> Required action
Take the line containing "41 พังเสียหาย โชคดีไม่มีผู้ได้รับบาดเจ็บ" and every line below it through the end of the entries, and output them verbatim, pictures excluded.

--*--

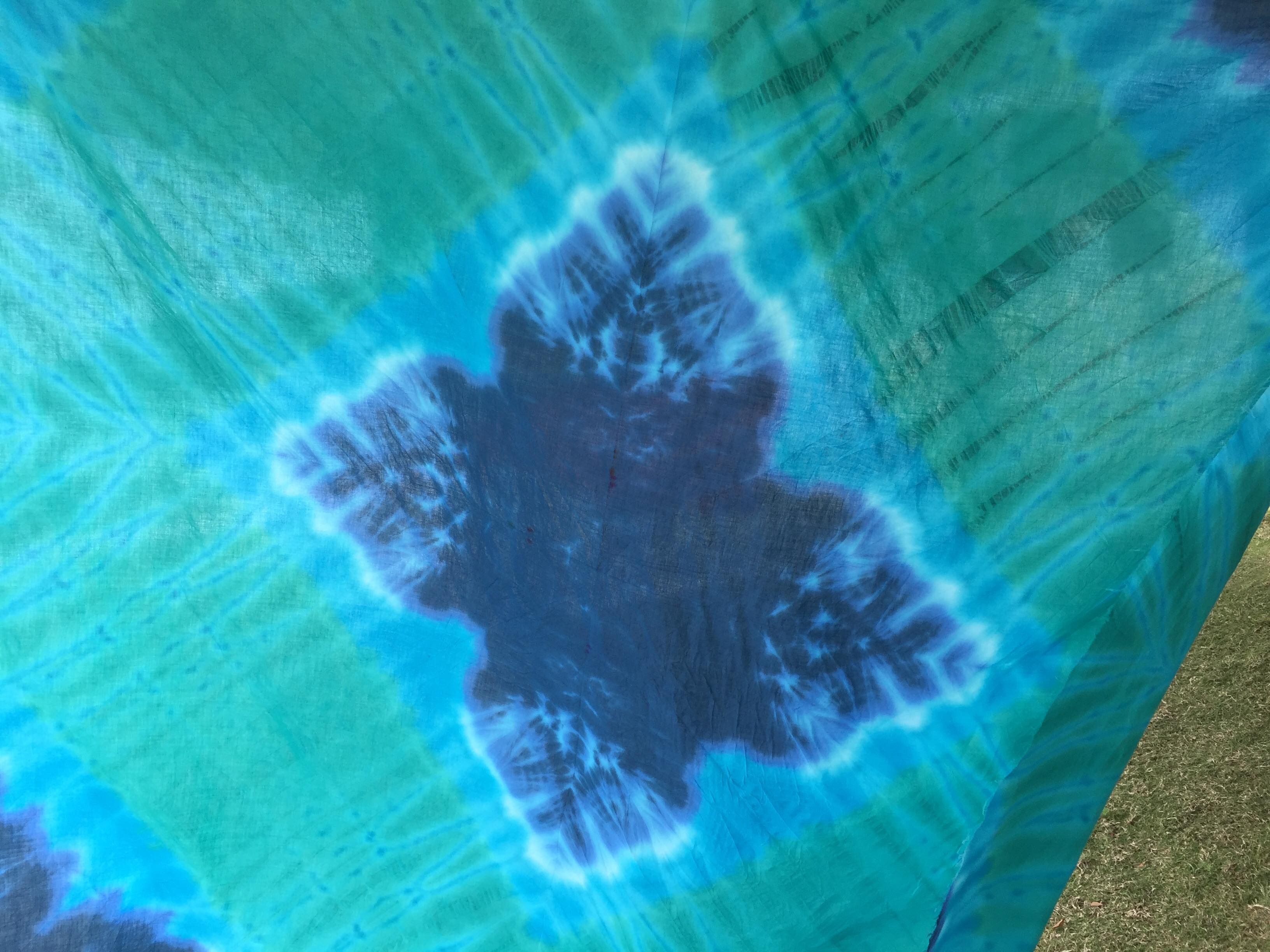 Traditional Japanese drying techniques of Shibori. Use specific folding binding and dip-dyeing techniques create the sample squares and one major piece. They were so enjoy with the artist, Jinni
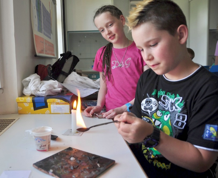 Was sie während der Woche bei der Sommerakademie "Sapientia ludens" ausprobiert haben - im Bild Flammenversuche - zeigen die Kinder der Grundschule zum Abschluss an diesem Freitag.
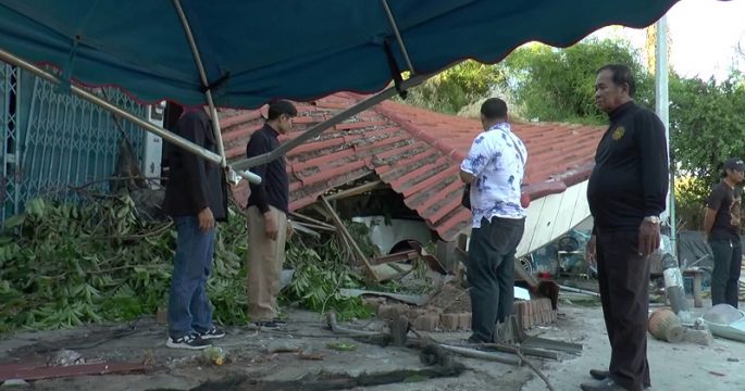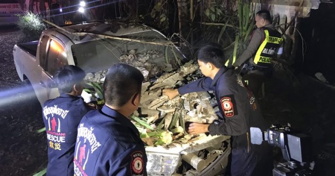 กระบะขับฝ่าสายฝนเสียหลักแหกโค้งพุ่งชนร้านขายของชำบริเวณถนนสายเอเชีย 41 พังเสียหาย โชคดีไม่มีผู้ได้รับบาดเจ็บ
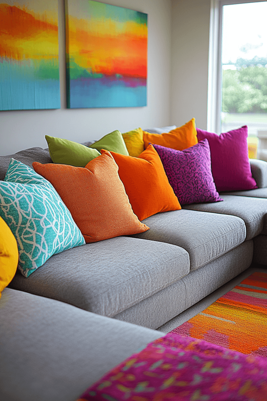 Create a fun, lively space with a grey couch living room featuring playful color accents. Bright decor elements contrast beautifully with the neutral couch. The grey couch keeps the design grounded. Soft textures add comfort and warmth. The room feels cheerful and welcoming. Bring energy into your home with these grey couch living room ideas.
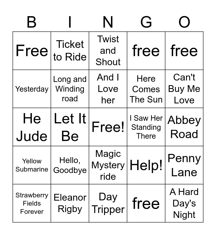 This bingo card has a free space and 24 words: Hello, Goodbye, Eleanor Rigby, And I Love her, Strawberry Fields Forever, free, Free, Yesterday, Ticket to Ride, I Saw Her Standing There, Magic Mystery ride, Here Comes The Sun, He Jude, Help!, Penny Lane, Long and Winding road, free, Abbey Road, Twist and Shout, Can't Buy Me Love, Let It Be, A Hard Day's Night, Yellow Submarine, free and Day Tripper.
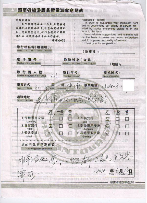 長沙劉斌一行13人旅游質量回饋:非常滿意,一切都滿足顧客的需求!

--*--

> Answer space
 กระบะขับฝ่าสายฝนเสียหลักแหกโค้งพุ่งชนร้านขายของชำบริเวณถนนสายเอเชีย 41 พังเสียหาย โชคดีไม่มีผู้ได้รับบาดเจ็บ
 Create a fun, lively space with a grey couch living room featuring playful color accents. Bright decor elements contrast beautifully with the neutral couch. The grey couch keeps the design grounded. Soft textures add comfort and warmth. The room feels cheerful and welcoming. Bring energy into your home with these grey couch living room ideas.
 This bingo card has a free space and 24 words: Hello, Goodbye, Eleanor Rigby, And I Love her, Strawberry Fields Forever, free, Free, Yesterday, Ticket to Ride, I Saw Her Standing There, Magic Mystery ride, Here Comes The Sun, He Jude, Help!, Penny Lane, Long and Winding road, free, Abbey Road, Twist and Shout, Can't Buy Me Love, Let It Be, A Hard Day's Night, Yellow Submarine, free and Day Tripper.
 長沙劉斌一行13人旅游質量回饋:非常滿意,一切都滿足顧客的需求!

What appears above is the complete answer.